FDA-approved: sunitinib is indicated for the treatment of gastrointestinal stromal tumor (GIST) after disease progression on or intolerance to imatinib (Gleevec), advanced renal cell carcinoma (RCC), and progressive, well-differentiated pancreatic neuroendocrine (pNET) in members with unresectable locally advanced or metastatic disease. The recommended dose for the treatment of GIST and advanced RCC is 50 mg orally once daily for 4 weeks followed by 2 weeks off. The recommended dose for treatment of pNET is 37.5 mg orally once daily continuously without a scheduled off-treatment period. Sunitinib can be taken with or without food.

Dosage Adjustments

Hepatic Impairment: Initiation dose adjustments are not required for members with mild (Child-Pugh Class A) or moderate (Child-Pugh Class B) hepatic impairment. Sunitinib was not evaluated in subjects with severe (Child-Pugh Class C) hepatic impairment.

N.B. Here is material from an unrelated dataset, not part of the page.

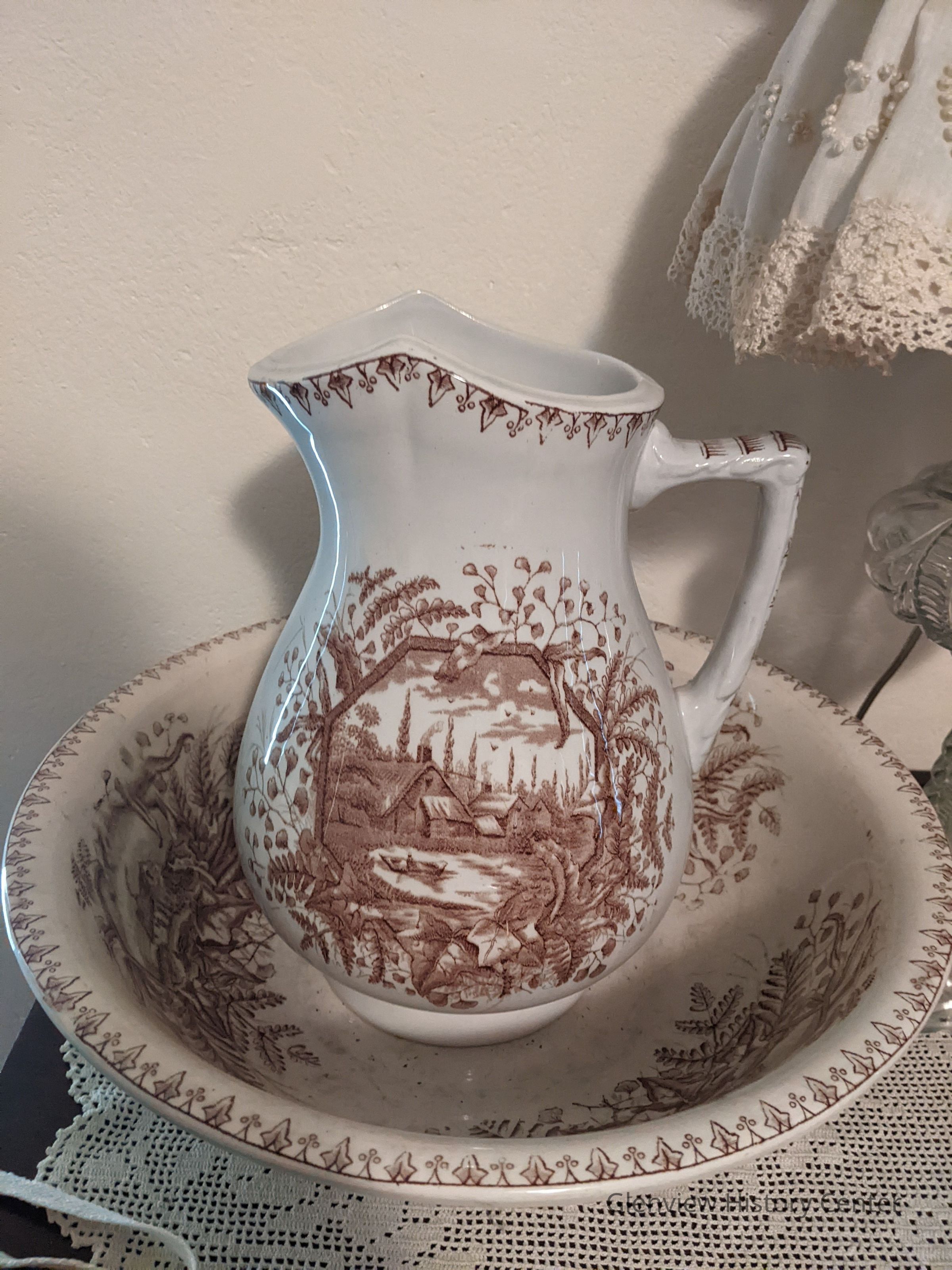 Pitcher - white ironstone: W & Co., Alton Hanley, England - Brown country house scene

Renal Impairment: Initiation dose adjustments are not required for members with mild, moderate, and severe renal impairment. In clinical studies, subjects with end-stage renal disease (ESRD) on dialysis had a 47% lower exposure when compared to subjects with normal renal function. As such, subsequent doses may be increased gradually up to 2 fold based on safety and tolerability.

Adverse reactions: dose interruption and/or dose modification in 12.5 mg increments or decrements is recommended based on individual safety and tolerability.

Drug Interactions

• Strong CYP3A4 inhibitors (e.g., ketoconazole): If coadministration cannot be avoided, consider reducing dose to 37.5 mg (GIST and RCC) and 25 mg (pNET) daily.

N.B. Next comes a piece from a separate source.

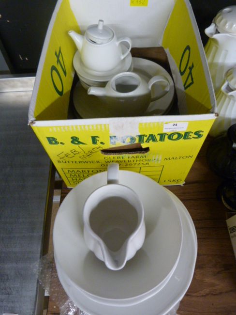 *Small Box of White China Including Teapots, Dinner Plates, Side Plates, Bowls, etc.

• Strong CYP3A4 inducers (e.g., rifampin): If coadministration cannot be avoided, consider increasing dose to a maximum of 87.5 mg (GIST and RCC) or 62.5 mg (pNET) daily.

Drug Availability: sunitinib is available as 12.5-, 25-, 37.5-, and 50 mg hard gelatin capsules.

PRECAUTIONS:

Boxed Warning: hepatotoxicity has been observed in clinical trials and post-marketing experience. Hepatotoxicity may be severe and deaths have been reported.

Hepatotoxicity: Liver failure has been observed. Monitor liver function tests (ALT, AST, and bilirubin) before initiation of treatment, during each treatment cycle, and as clinically indicated. Sunitinib therapy should be interrupted for Grade 3 or 4 drug-related hepatic related events and discontinued if there is no resolution.

Cardiac Toxicity: cardiac toxicity, including myocardial ischemia, myocardial infarction, left ventricular ejection fraction declines to below the lower limit of normal and cardiac failure including death have occurred. Monitor members for signs and symptoms of congestive heart failure.

Prolonged QT and Torsade de Pointes: use with caution in members at higher risk for developing QT interval prolongation. Monitoring with on-treatment electrocardiograms and electrolytes should be considered.

Hypertension: monitor blood pressure and treat as needed.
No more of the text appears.